> What you need to do: Under this line sits a listing. Repeat exactly and only its lines from the one holding "Yulin Jiafu Wicker" through the one holding "Alles Kürbis oder"; skip pictures.

> Data:
────────

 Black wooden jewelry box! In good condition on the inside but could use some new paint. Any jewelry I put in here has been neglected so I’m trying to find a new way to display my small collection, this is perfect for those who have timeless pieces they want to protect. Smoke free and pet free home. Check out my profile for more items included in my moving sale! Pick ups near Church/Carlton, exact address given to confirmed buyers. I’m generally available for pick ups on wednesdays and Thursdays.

────────

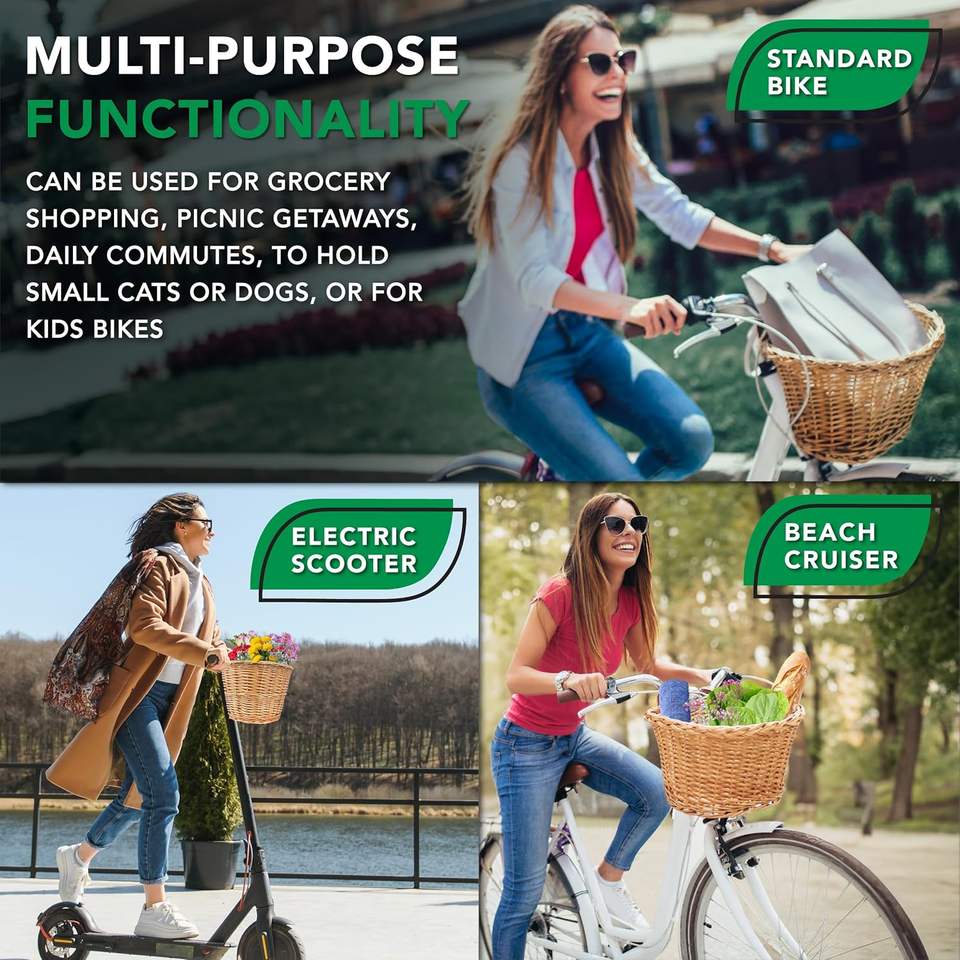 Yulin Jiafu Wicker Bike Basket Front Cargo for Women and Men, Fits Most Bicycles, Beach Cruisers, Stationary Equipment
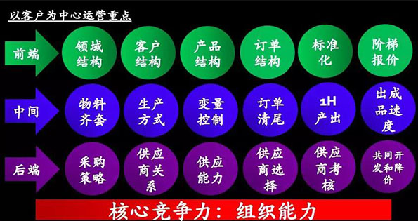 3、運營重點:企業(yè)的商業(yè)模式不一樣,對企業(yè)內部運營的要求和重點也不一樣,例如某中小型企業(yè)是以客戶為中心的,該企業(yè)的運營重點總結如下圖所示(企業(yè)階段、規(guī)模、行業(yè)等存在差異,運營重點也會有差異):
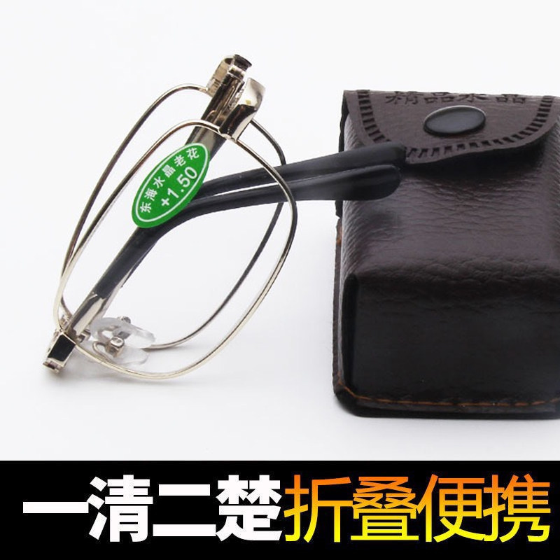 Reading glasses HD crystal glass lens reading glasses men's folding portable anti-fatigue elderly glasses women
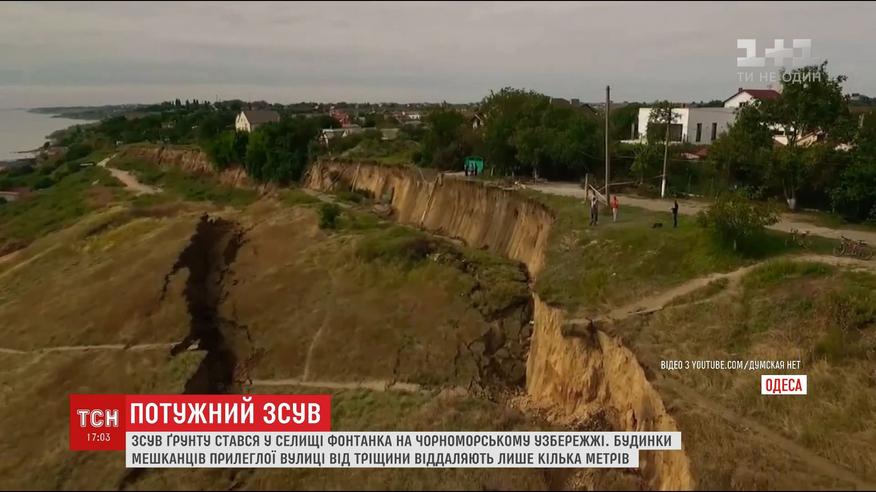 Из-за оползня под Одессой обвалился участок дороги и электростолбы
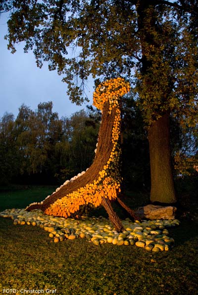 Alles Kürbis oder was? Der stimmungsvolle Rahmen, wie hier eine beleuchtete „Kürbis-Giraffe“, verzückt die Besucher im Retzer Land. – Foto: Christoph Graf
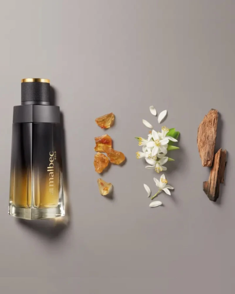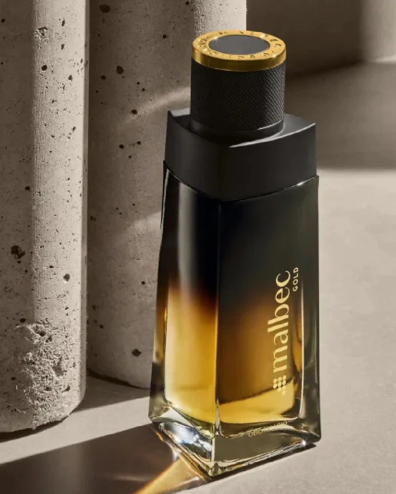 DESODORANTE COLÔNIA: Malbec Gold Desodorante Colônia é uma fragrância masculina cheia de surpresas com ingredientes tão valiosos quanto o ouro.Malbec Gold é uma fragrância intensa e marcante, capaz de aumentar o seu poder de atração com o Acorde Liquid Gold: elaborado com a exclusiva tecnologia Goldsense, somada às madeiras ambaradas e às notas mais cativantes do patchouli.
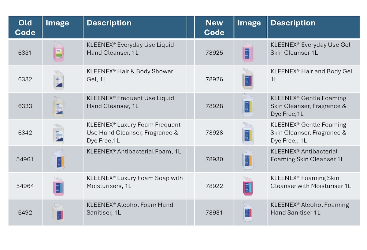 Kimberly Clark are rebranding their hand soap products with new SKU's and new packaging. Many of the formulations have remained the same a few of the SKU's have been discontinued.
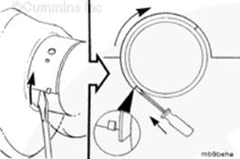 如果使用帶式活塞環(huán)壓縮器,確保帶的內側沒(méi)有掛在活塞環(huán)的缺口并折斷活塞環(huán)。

────────

> Exercise answer:
 Yulin Jiafu Wicker Bike Basket Front Cargo for Women and Men, Fits Most Bicycles, Beach Cruisers, Stationary Equipment
 3、運營重點:企業(yè)的商業(yè)模式不一樣,對企業(yè)內部運營的要求和重點也不一樣,例如某中小型企業(yè)是以客戶為中心的,該企業(yè)的運營重點總結如下圖所示(企業(yè)階段、規(guī)模、行業(yè)等存在差異,運營重點也會有差異):
 Reading glasses HD crystal glass lens reading glasses men's folding portable anti-fatigue elderly glasses women
 Из-за оползня под Одессой обвалился участок дороги и электростолбы
 Alles Kürbis oder was? Der stimmungsvolle Rahmen, wie hier eine beleuchtete „Kürbis-Giraffe“, verzückt die Besucher im Retzer Land. – Foto: Christoph Graf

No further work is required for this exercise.